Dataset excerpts

——

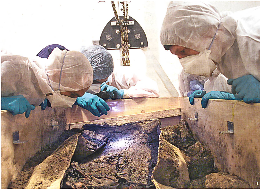
Abb. 1 Am soeben geöffneten Bleisarg: Spezialkleidung schützt die Mitarbeiter vor bleihaltigem Staub und das Skelett vor fremder DNA. Über den Köpfen sind die Saugnapfe der eigens für den Sargdeckel konstruierten Hebevorrichtung sichtbar.
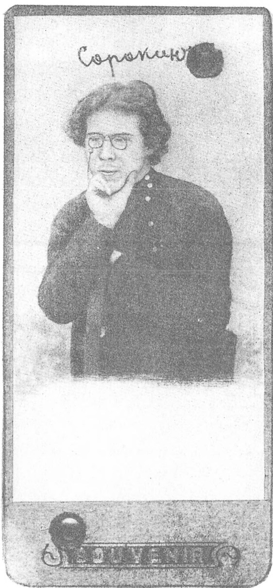
Питирим Сорокин в 1909 году. Фотография со свидетельства об окончании Великоустюжской мужской гимназии.
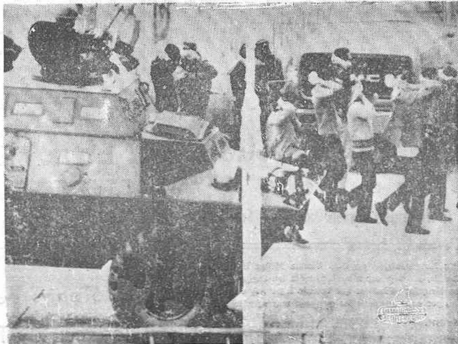
LA PAZ. — Soldados bolivianos vigilan, armados, la Universidad de San Andrés, uno de los últimos reducidos de resistencia en defensa del Gobierno del general Torres. Unos 120 estudiantes han sido detenidos.
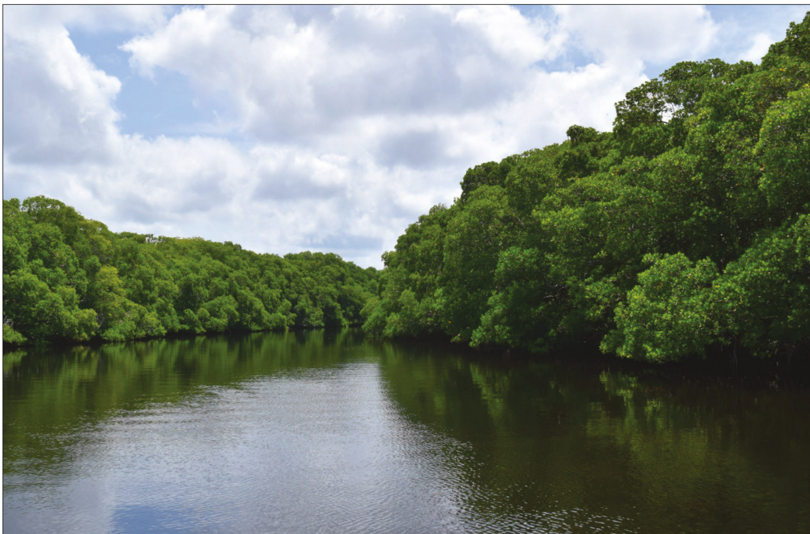
▲ Catemaco fue durante muchos años un lugar famoso por la tradición chamánica que abunda en la región, considerándolo la Meca de los brujos; sin embargo, lo maravilloso de ese lugar es la majestuosa laguna rodeada por la selva que alberga vida en abundancia.
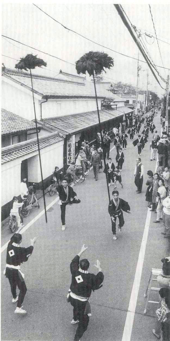
約140人が参加して行われた大名行列

平安古町に古くから伝わる「大名行列」が、昨年も十一月十三日に行われました。約百四十人が、朝八時三十分
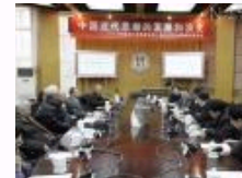
《中国近代思想家文库》新书发布会暨编委座谈会
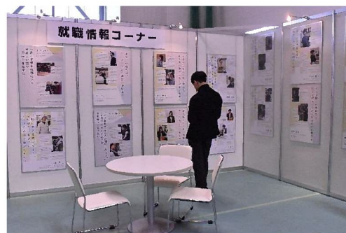
就職情報コーナー
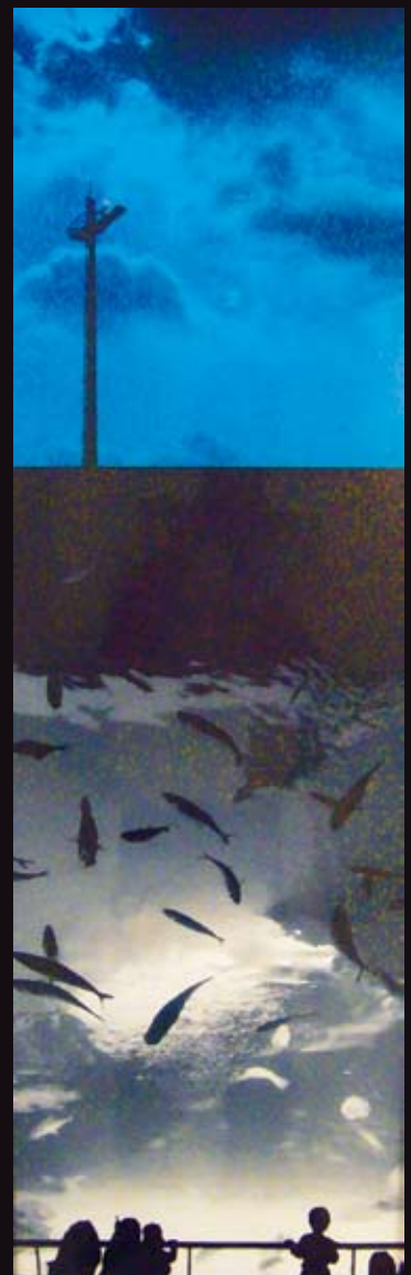
「線藝盎然—生態藝術展」之「失之永恆—地平線」自然與人為的對立

生態，是個不滅的議題；文化，是個永續的發展。在高度開發的現代社會中，生態已成為文化發展不可分割的一部分，文化溪流不斷流，生態維護也不停歇，這兩項與人類生活最切身，卻常常最不被視為第一優先的議題，在今年的彩繪城市系列活動上，慎重地結合了。這是一個正視文化多面向的開始，有更多更多的下一步需要人們的省思與行動，只要用心經營，文化的溪流永不枯竭！
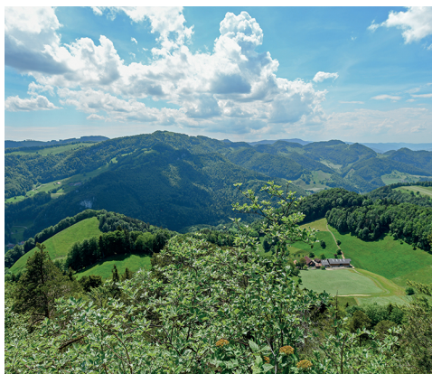
Vue sur le sud-ouest depuis le Hirnichopf.
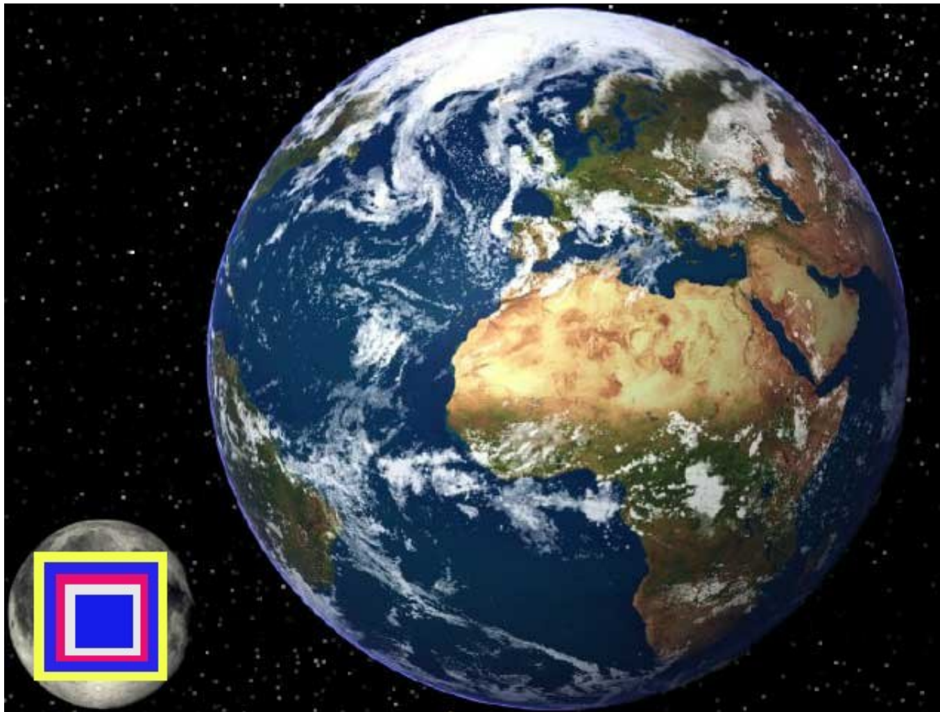
Dimensions respectives de la lune, la Jérusalem céleste et de la terre,

Selon cette vue plus détaillée, on se rend compte par exemple que si la Jérusalem Céleste survolait le bassin Méditerranéen, la plus grande partie en serait occultée et se retrouverait dans l'obscurité complète!
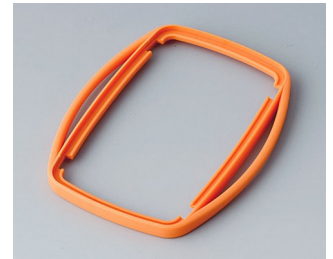
B9006753 Intermediate ring EL TPE orange
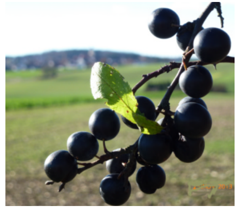
Steinfrüchte des Schwarzdorns (Schlehe) eignen sich für allerlei Köstlichkeiten.

Der Referent kritisierte den Handel mit CO 2 -Zertifikaten wie er derzeit praktiziert werde und entwarf das Modell „Klimaneutralität“, das bei nicht wenigen Zuhörern Verwunderung und Kopfschütteln auslöste: Jeder einzelne könne durch geeigneten Ausgleich seine Lebensführung so gestalten, dass diese „klimaneutral“ sei.
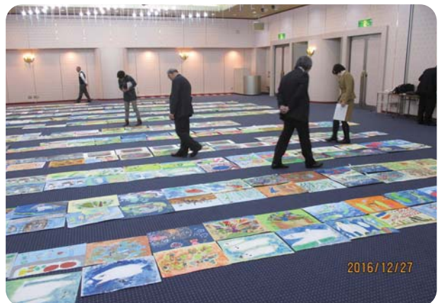
県内の教育関係者等の審査委員により審査しました。
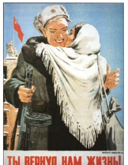
И вот он, долгожданный день!
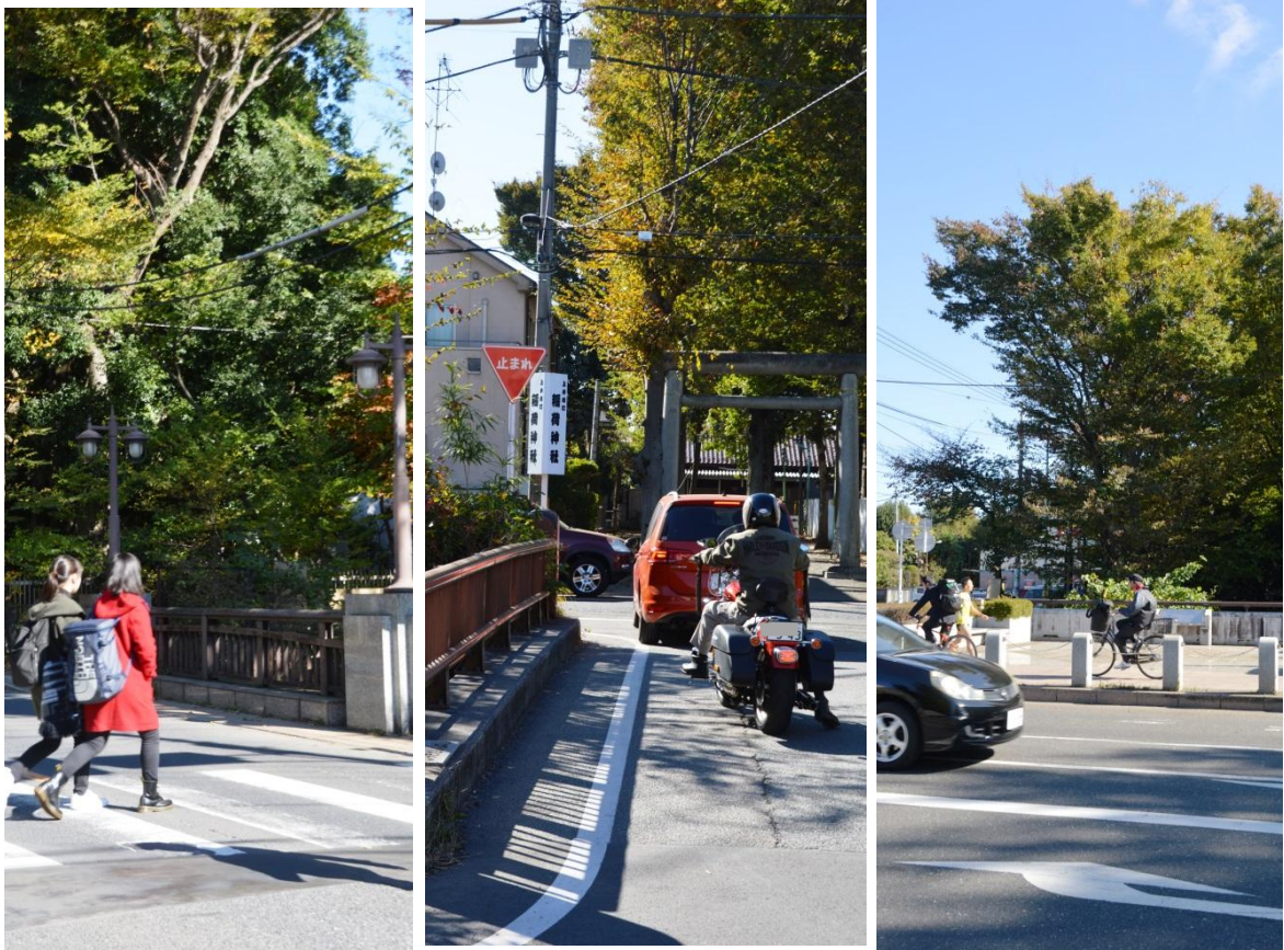
小平の昔を今に……玉川上水に架かる橋＝久右衛門橋(左)＝八左衛門橋(中)＝喜平橋(右)
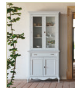
Art. 1500 - pag. 40 Art. 1511A - pag. 40
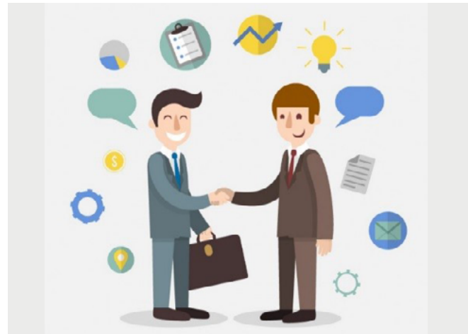
Figura 2. Socios estratégicos

Esta fase consistió en invitar a las instancias estratégicas de turismo y cultura nacionales para informarles sobre el desarrollo y los detalles del proyecto, a fin de obtener su colaboración para el ingreso y permisos necesarios para la toma de imágenes en áreas restringidas al público general.
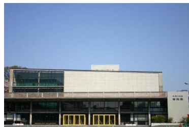
神奈川県立音楽堂
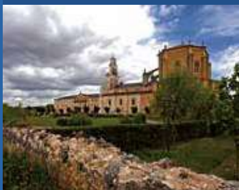
Monasterio de Santa María de la Vid (Burgos).

Los monasterios fueron antaño refugio de peregrinos, hoy reconvertidos en espacios donde el viajero puede encontrar el ambiente de religiosidad con el que fueron creados.
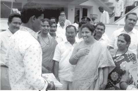
ప్రకాశం జిల్లాలో కేంద్రమానవవనరుల శాఖామంత్రి గౌ|| విద్యాపక్షోత్సవాలలో ఆదిలాబాద్ జిల్లాలో పాల్గొని పురందరేశ్వరి గారు APOSS అభ్యాసకులకు పుస్తకాలు పంపిణీ చేస్తున్న చిత్రం
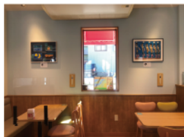
【過去のMOSごと美術館展示の様子】
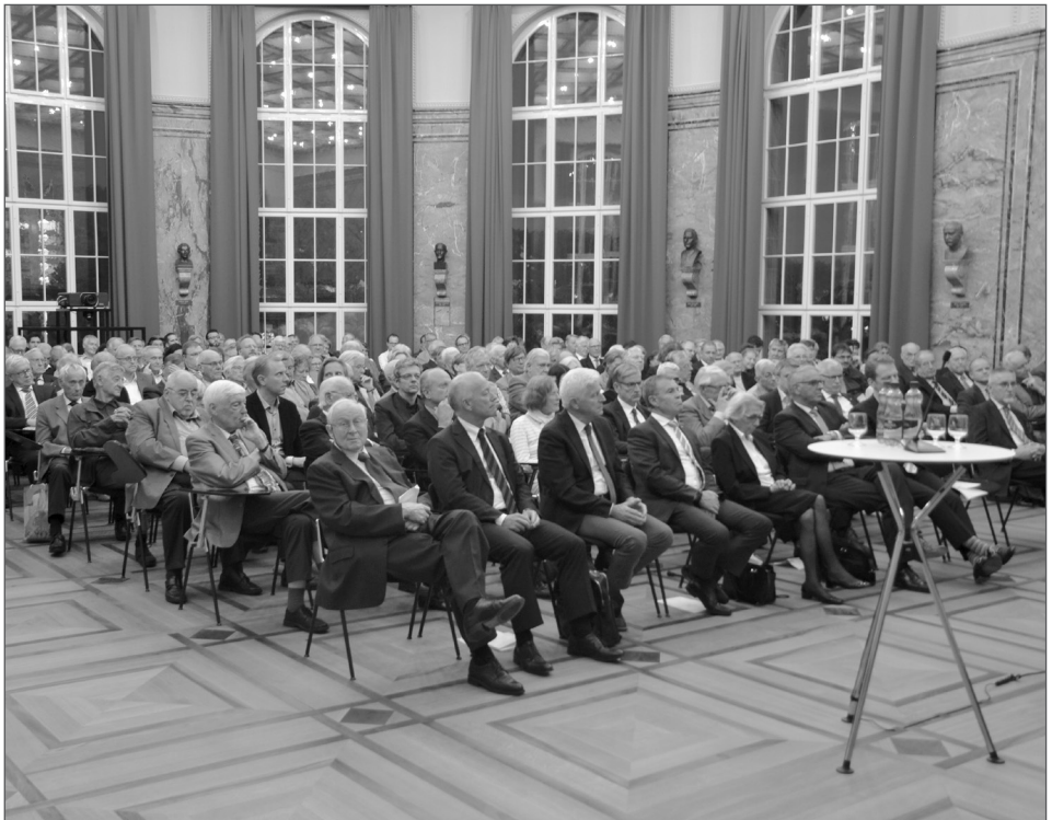
Vollbesetzte Aula anlässlich der Buchvernissage an der Universität Zürich.
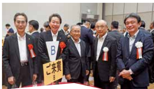
八千代市 服部市長と
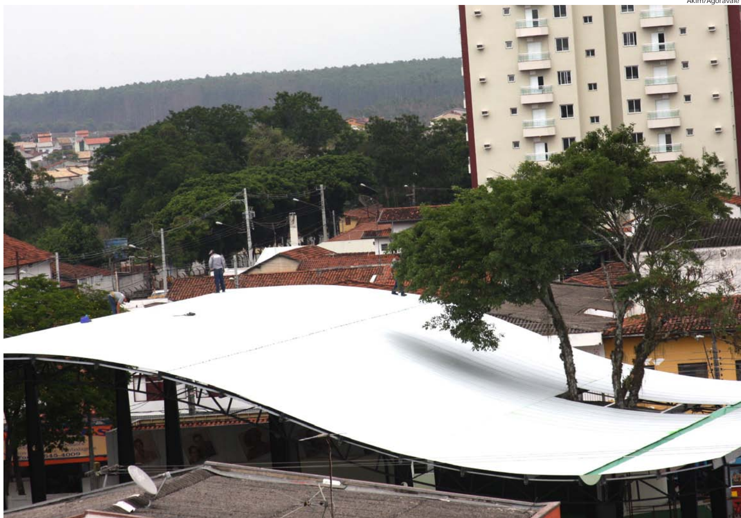
As telhas termoacústicas, com design moderno, cobrem aproximadamente 1.700m 2

A obra na avenida das Rosas foi finalizada em 90 dias.
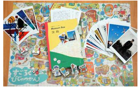
「Museum Box 宝箱」

このプログラムで使用した美術館キット「Museum Box 宝箱」には、美術館収蔵品約1万点の中から選んだ代表作品56点のカードと、美術館の裏舞台を描いたオリジナルすごろく「すごろく美術館」などが入っています。ミュージアムショップで販売（税込み2000円）するほか、教育機関には無料で貸し出ししており、実際に授業でも活用されています。
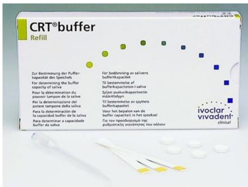
Slika 9. CRT buffer. Preuzeto (42).

oko 6.5. Time se onemogućuje razvoj patogenih mikroorganizama kojima odgovara promjena pH vrijednosti (9). Isto tako, puferski su sustavi u slini sposobni neutralizirati kiseline koje mogu oštetiti zube. Utvrđivanjem puferskog kapaciteta sline može se ustanoviti kako dobro puferski sustav preuzima ovaj važan, zaštitni posao u svakom pojedinačnom slučaju. Određivanje pH vrijednosti sline temelji se na promjeni boje indikatorskih trakica u žutu (niski kapacitet), zelenu (srednji kapacitet) i plavu (normalni kapacitet). Žuta boja označava pH od 4 ili manje, što nam govori da slina nema sposobnost podizanja pH vrijednosti te je time rizik za nastanak karijesa povećan. Test procjene rizičnosti od karijesa CRT buffer pruža nam pouzdane rezultate već nakon pet minuta (42).

——

Exercise aim
Write down how many lines in the data contain "Jérusalem". Add nothing else.

Response to the task
2